On a practical level, participants pointed out that although social and emotional support was often available for children with TS and their parents, resources for adults were limited and could not be easily accessed. The study found that individuals with TS were at a high risk of failing to transition successfully to adult services and suggested that additional preparation is needed:

“At the age of 16, I was just pushed over the edge and told to get on with life. I've not had any inquiries or contact from anyone regarding it … since the age of 16. That was it. That was the end of my care as far as anyone was concerned.” 

Broadlyparticipants felt that their social support needs were not adequately addressed and did not have access to support groups that were specifically for adults with TS. 

Lead researcher, Dr Melina Malli, says: “Our findings suggest that in contrast to popular belief, people with Tourette’s may experience many difficulties in their everyday life that are not associated with compulsive swearing. The tics can be debilitating, extremely painful and everyday chores around the house, such as preparing a cup of tea, can be extremely difficult.  

“Many of our participants with Tourette’s reported that they rely on their partners or family members for support as they would be too ashamed or embarrassed to ask for help for a “swearing disease”. Many talked about the loneliness linked to having a condition that renders them a joke, whilst others highlighted the lack of reasonable adjustment their employers were willing to make for them. These are all aspects of Tourette’s that have not been talked about, as the condition has been trivialised through humour and jokes.” 

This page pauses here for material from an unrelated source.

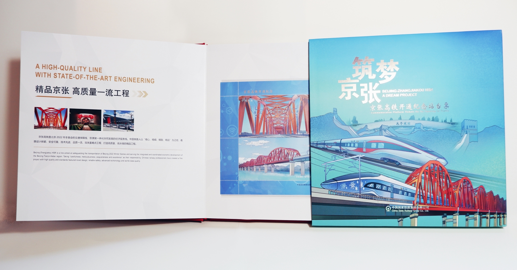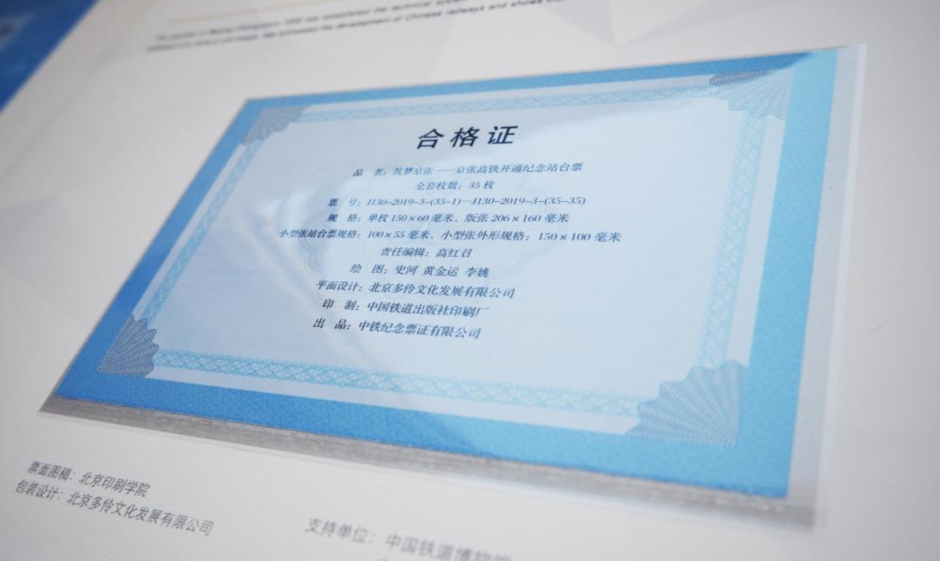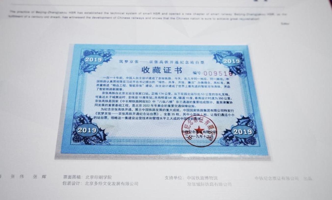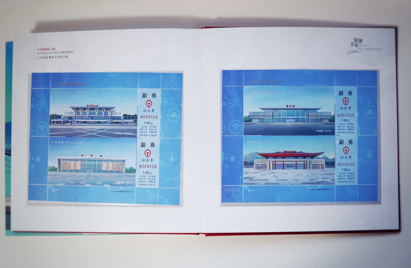 2019年12月30日,京张高铁正式开通,向世界展示了中国铁路发展新成就。中国国家铁路集团特发行《筑梦京张——京张高铁开通纪念站台票》以资纪念。全套共35枚纪念票,其中小型张一枚。票面以独特的插画艺术风格,表现了包括北京北站至张家口站全线的十座车站、部分重要桥梁、隧道、周边景观以及车站运行的自动化系统、智能系统、交互系统等内容正式面向社会发行。此套纪念票票面图稿由北京印刷学院设计艺术学院史河、黄金运、李姚创作绘制。

The study concluded that social care workers need to have specialist knowledge in relation to TS, its psychosocial consequences and underlying nature to be able to respond more holistically to people’s needs. 

This work has spurred a new project which will help inform an upcoming book - ‘Tourette’s Syndrome, Stigma and Society’.  Humour will form part of this work, with chapters focusing on the role of comedy in perpetuating but also challenging some of the stigma which persists.  

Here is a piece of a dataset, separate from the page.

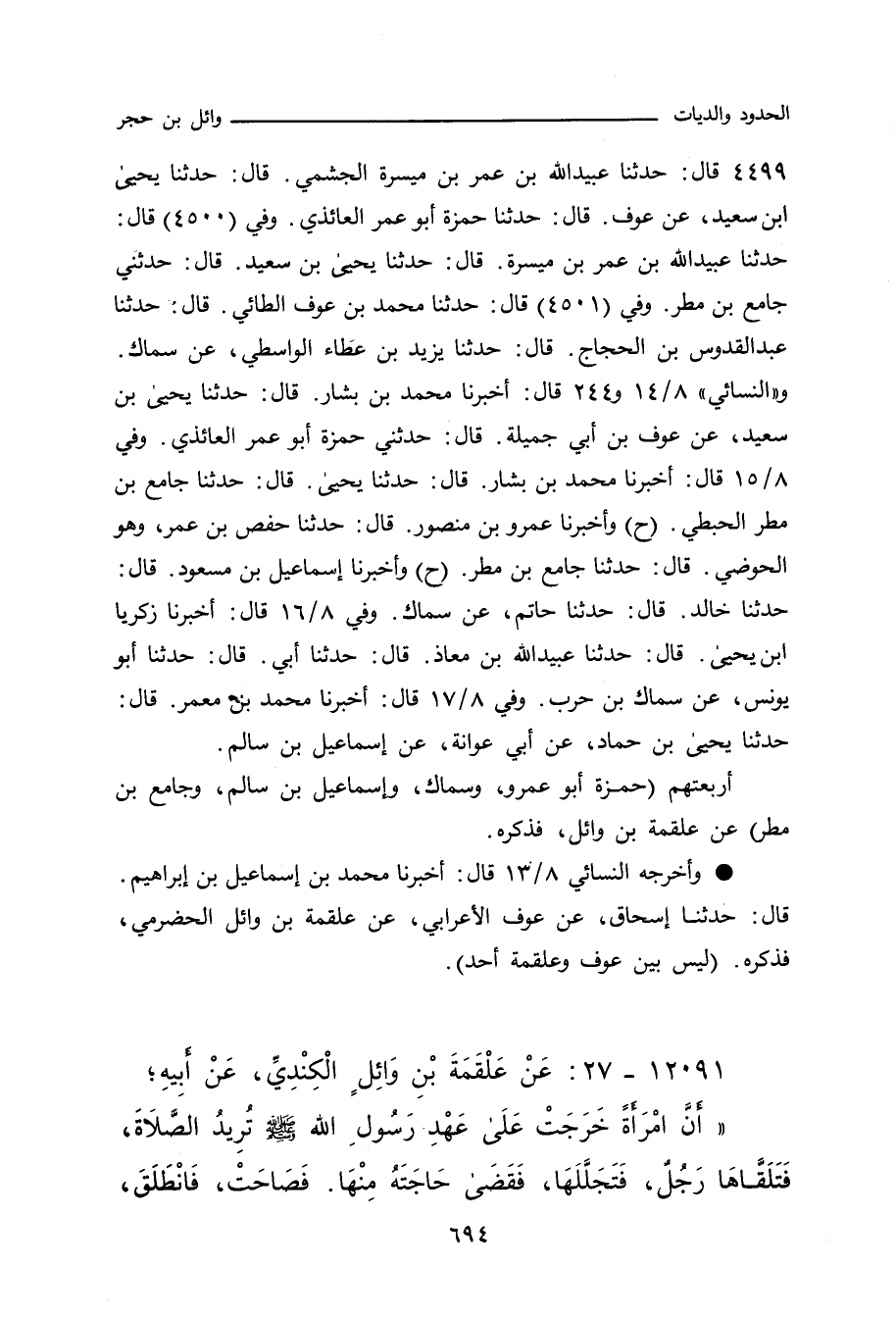 ١٢٠٩١ - عَنْ عَلْقَمَةَ بْنِ وَائِلٍ الْكِنْدِيِّ، عَنْ أَبِيهِ؛

Professor Rachel Forrester-Jones, Director of the Centre for the Analysis of Social Policy at the University of Bath explains: “For many with Tourette’s Syndrome we find that the stigma they experience is as a direct result of feeling that people are laughing at them. Over the years jokes about Tourette’s have resonated and have shaped what people think about the condition, yet in a very narrow and specific way. This matters and has tangible impacts on people’s lives because, partly as a consequence, we’ve too often downplayed the severity of Tourette’s and the support people need.  

“This new work is a recognition that comedy is a powerful tool. But by turning this issue on its head and by talking with comedians who themselves have Tourette’s we want to give them ownership of the issue, empowering them to shape the debates and discourse which influence attitudes towards Tourette’s. 

The researchers are working with a number of comedians with TS based both in the UK and abroad, including Gerald Harris, Dan Zerin and Yaïra van Nielen.